Celebrating Norval Morrisseau’s life and art
- Tiffany Head | February 12, 2015
The Plain Red Art Gallery at First Nations University of Canada held a Symposium honoring the art and life of Norval Morriseau. The Galleries mission is to represent Indigenous visual art practice, culture and history currently found in the province of Saskatchewan. Five presenters talked about Morrisseau’s life, artwork and career and each one brought their own distinct insights to Morrisseau’s artwork and his development and contribution to Canadian Aboriginal art.
Barry Ace, a visual artist and writer from M’Chigeen First Nation on Manitoulin Island in Ontario talked a bit about the history of Morrisseau’s life, his influences and how he came from a family knowledgeable in traditional mythology, legends and spirituality. Morrisseau was raised in this dichotomy of two spiritual views where his grandfather was a Midewiwin, a spiritual society, and his grandmother was a devout Roman Catholic. Norval was concerned with what he believed was the decline of culture and tradition and wanted to promote culture revitalization.
“He was influenced by the iconography that he would have seen on his grandfather’s Midewiwin scrolls. He would have seen figures with lifelines showing transparencies of spirituality and then he would have seen a lot of beadwork and so he kind of took the bright colors and the color gradation of the beadwork and integrated into the etching he would have seen on the birch bark scrolls and that helped him to develop his unique style,” Ace said.
Dr. Carmen Robertson is an art historian who teaches Indigenous art history. She has recently finished writing a book on Morrisseau and his complicated history with Canada’s media since 1962. She gives her perspective on Morrisseau’s art and how he was a real trailblazer.

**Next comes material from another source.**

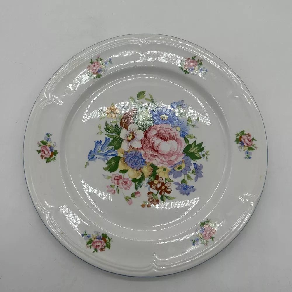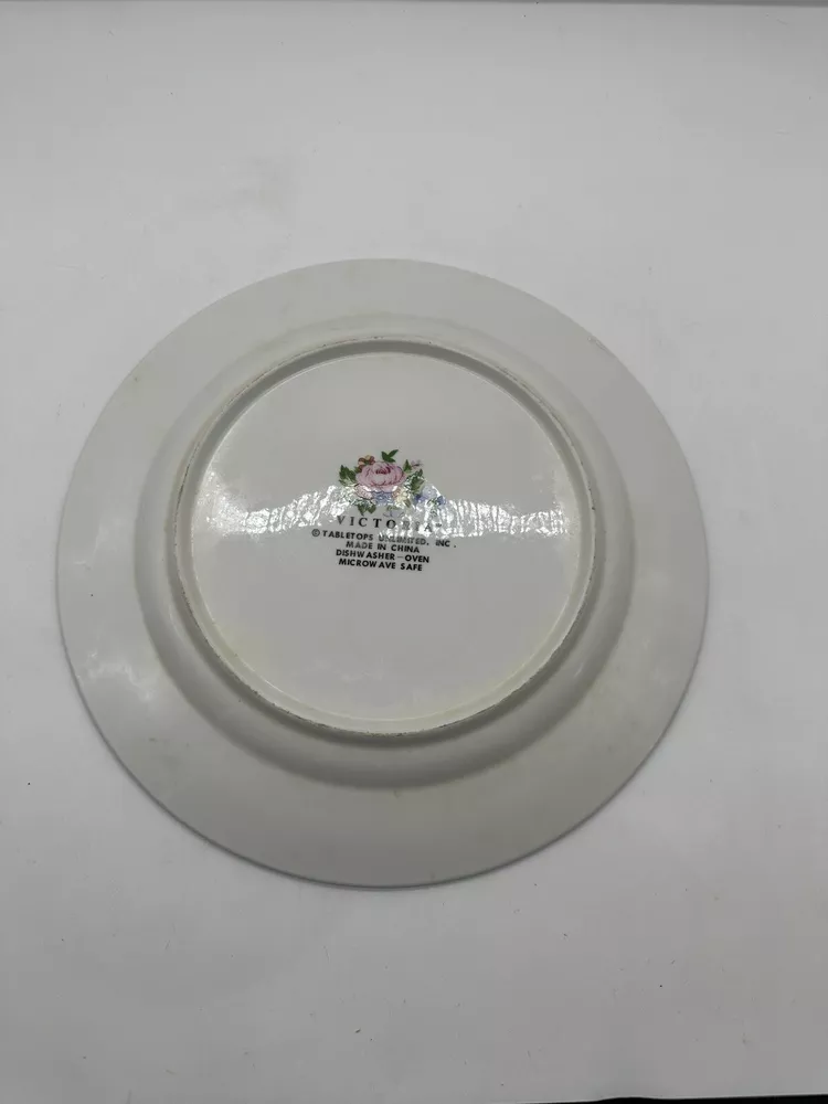 This vintage chop plate from Tabletops Unlimited features a beautiful ivory color with pink roses, making it an eclectic addition to any dinnerware collection. The round shape and scalloped edges add a touch of elegance, while the stoneware material ensures durability for everyday use. The plate set is a contemporary original production style of art pottery, with a printed backstamp and no handmade details. It is perfect for all occasions and is a great addition to any table setting. This product line is called Victoria, and it was manufactured in China during the 1990s. The set includes chop plates, and it is a great addition to any collection of decorative cookware, dinnerware, and serveware.

“He hasn’t gotten his full due, that’s because of the racial politics in this country. But his work, what he does is he’s created a visual language that brings together Anishinaabe cultural tradition, his own personal ideas and of course colonialist ideas that he’s responding to and he created a direction in art that no one else had ever done. To me he is pivotally important to the history of art in this country,” Robertson said.